SIERRA VISTA — The homeless population in Cochise County has decreased, officials said Tuesday, with fewer camps in the washes and open areas that are hidden from the population’s view.
Preliminary numbers from the annual three-day count taken in the county also revealed that those who live in these camps, or in their cars, or inside an abandoned structure, may be getting younger overall, said Larry Singer, director of Good Neighbor Alliance.
“We ran into folks who are 20-25 years old, a lot more in that category,” he said.
“This is just an observation,” Singer added. “But we saw very young people who have had domestic violence issues, or parents who didn’t want to deal with their addiction issues. We have people who ended up in jail and came out and have nowhere to go.”
They also found people who have been homeless since they were teenagers, are now in their 60s and have no interest in living in a traditional residence, Singer said.
Counting the homeless, Singer said, is always an “eye-opening experience.”
“People are aware of homelessness, but most people really don’t have a true understanding of homelessness until you walk 80 meters off Fry Boulevard and find a homeless camp,” Singer said. “It’s everything from living in a car, to living in a tent, to digging themselves into a wash and building a structure over their head, to living in an abandoned building.”
“Everybody is just trying to find their own way,” Singer said.
The count, done between Jan. 22 and Jan. 24, preliminarily shows that there are currently 72 homeless people in Cochise County. That’s 37 less people than in 2019. Of those 72 people, 40 are homeless in Sierra Vista, Singer said.
“Homeless folks, for the most part, migrate to areas where they can have services, infrastructure, and a population that supports panhandling,” Singer said.

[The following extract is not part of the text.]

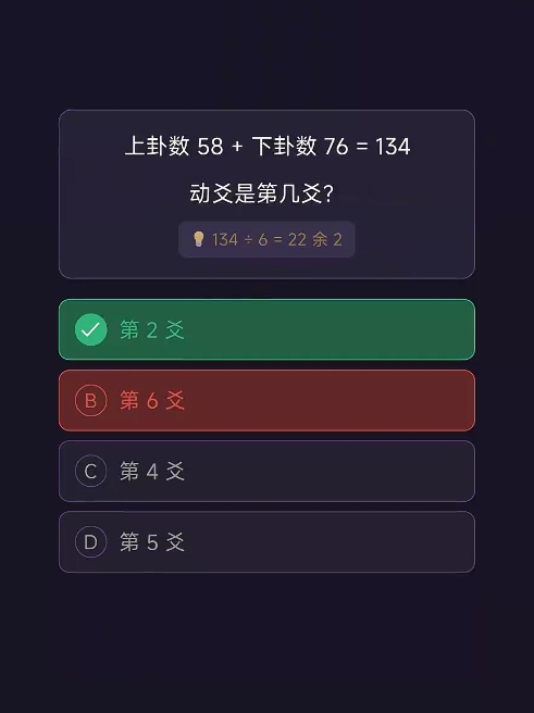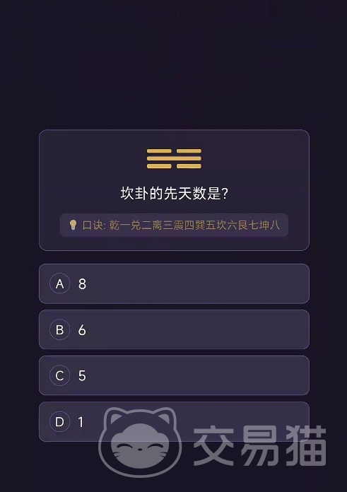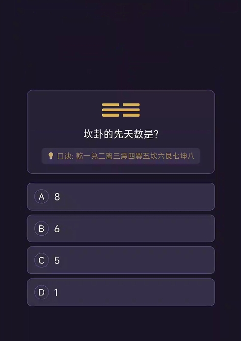 在“认识八卦”模块中,系统以结构化问答形式呈现乾、坤、震、巽等八种基本卦象,题目涵盖先天数(如乾一、兑二、离三等)、五行属性、方位归属及象征意义等内容。答题后即时反馈正确答案,并附带详实解析,帮助玩家厘清概念混淆点,同步生成个人知识掌握图谱,直观反映学习进度。

Singer pointed out one caveat. He and his crew found some empty camps that looked as if they were lived in. If no one was around when the count was done, they were not included in the tally.
“Sometimes people learn that we’re doing the count and they disappear,” Singer said.
The count uncovered 14 homeless camps, but only eight of them were occupied, said Sierra Vista code enforcement officer Jessica Vannoy. Four years ago, Vannoy found 40 active camps.
Two days before the count was done, Vannoy was flown over the city in a county helicopter so that she could find homeless camps, said Sierra Vista Community Development Director Matt McLachlan.
“The camps are all over the place, mostly within a four-mile radius of Walmart,” Vannoy said. “There are tons and tons of garbage. One camp usually has between two and five people living in it.”
Vannoy said she believes the decrease in the homeless population could be owed to the city’s efforts to identify the camps and clear them out, as well as a collaboration between the city and Good Neighbor Alliance.
Additionally, private property owners are paying more attention to vacant parcels and they’re working with city officials to allow them to trespass intruders.
Cleanups done on many of the properties after homeless camps have been cleared away have cost thousands of dollars, Vannoy said.
Singer said he is working with Sierra Vista Police to launch a program locally that mirrors one in Flagstaff called Better Bucks.
It involves the donation of money to participating businesses for food or grocery vouchers for the homeless. The vouchers cannot be used for drugs or alcohol.
Good Neighbor Alliance is also working with Sierra Vista’s Community Development Department under McLachlan to possibly earmark some buildings or properties that could be used to provide more shelter space.
“The city has a vested interest to get the homeless off the street, as we all do,” Singer said. “It’s a group effort to make sure we have adequate space, resources and property, to house folks. There’s not enough housing to go around.”